Perfect agreement on metrics such as half-life estimates is not required. One half-life estimate does not determine the success or failure of a drug. What matters is consistency, robustness, and experimental quality.

New Questions Become Possible

As AI removes traditional analytical bottlenecks, the nature of scientific inquiry changes. Researchers can spend more time on meta-analyses, cross-study evaluations, and cross-program insights.

Large pharmaceutical companies have data from hundreds or even thousands of development programs. AI can mine this information to identify trends, uncover overlooked opportunities, and support drug repurposing efforts. Entire classes of questions that were previously impractical become feasible.

The Breakthrough Ahead: Simulation at Scale

Looking five to ten years ahead, the defining breakthrough in AI for pharmacokinetics and clinical pharmacology will be AI’s ability to conduct analyses end-to-end.

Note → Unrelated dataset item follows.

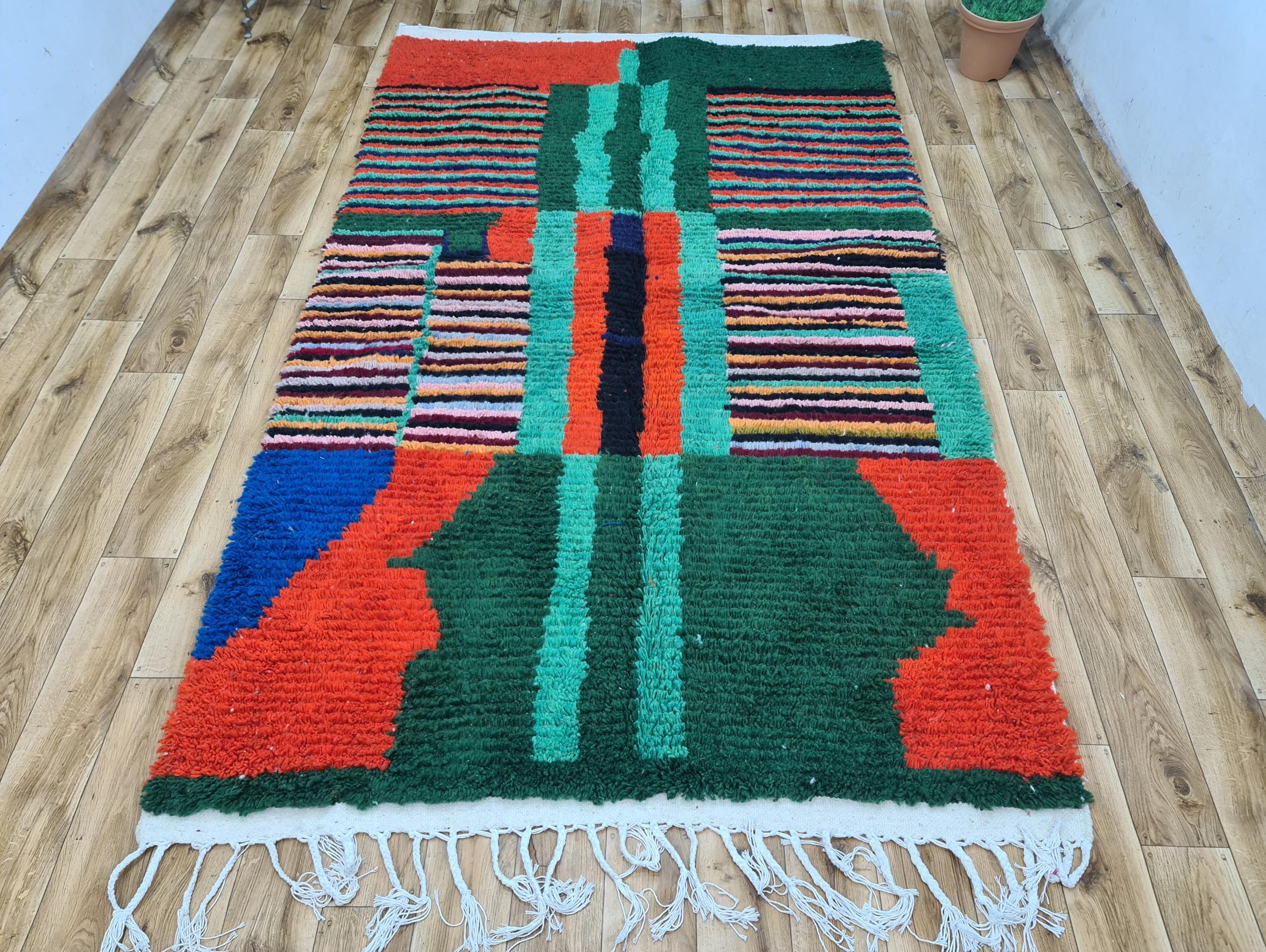 This multicolored abstract rug features a striking mix of emerald green, royal blue, red, and orange, creating a stunning visual harmony between Moroccan tradition and modern design.

Providing AI with a dataset and protocol and having it generate a complete analytical report will be transformative, but that is only the first step. Once AI can link analyses together, it can enable sophisticated simulations, from preclinical dose optimization to full clinical trial simulations across multiple designs.

This capability represents a fundamental shift in drug development. Extensive in silico exploration before dosing a single patient will allow teams to run fewer, more targeted trials with higher probabilities of success, ultimately accelerating patient access to effective therapies.

Where Aplos Fits

At Aplos Analytics, the focus is on enabling repeatable and reproducible pharmacokinetic analyses through both manual interaction and automation. The goal is not to build AI for its own sake, but to provide reliable analytical tools that AI agents can leverage.

AI agents, like skilled professionals, require tools to do their work. Aplos NCA serves as one of those tools, an execution layer that enables standardization, automation, and scalability. By combining AI-driven decision support with robust analytical execution, human expertise can be redirected toward hypothesis generation, experimental design, and interpretation.

Conclusion

AI is not the scientist. It is the force multiplier.

The teams that benefit most will not be those that simply claim to use AI, but those that meaningfully integrate it into how decisions are made. By embracing standardization, shifting expertise upstream, and freeing scientists from routine tasks, the field of pharmacokinetics and clinical pharmacology can evolve toward better science, and better outcomes for patients.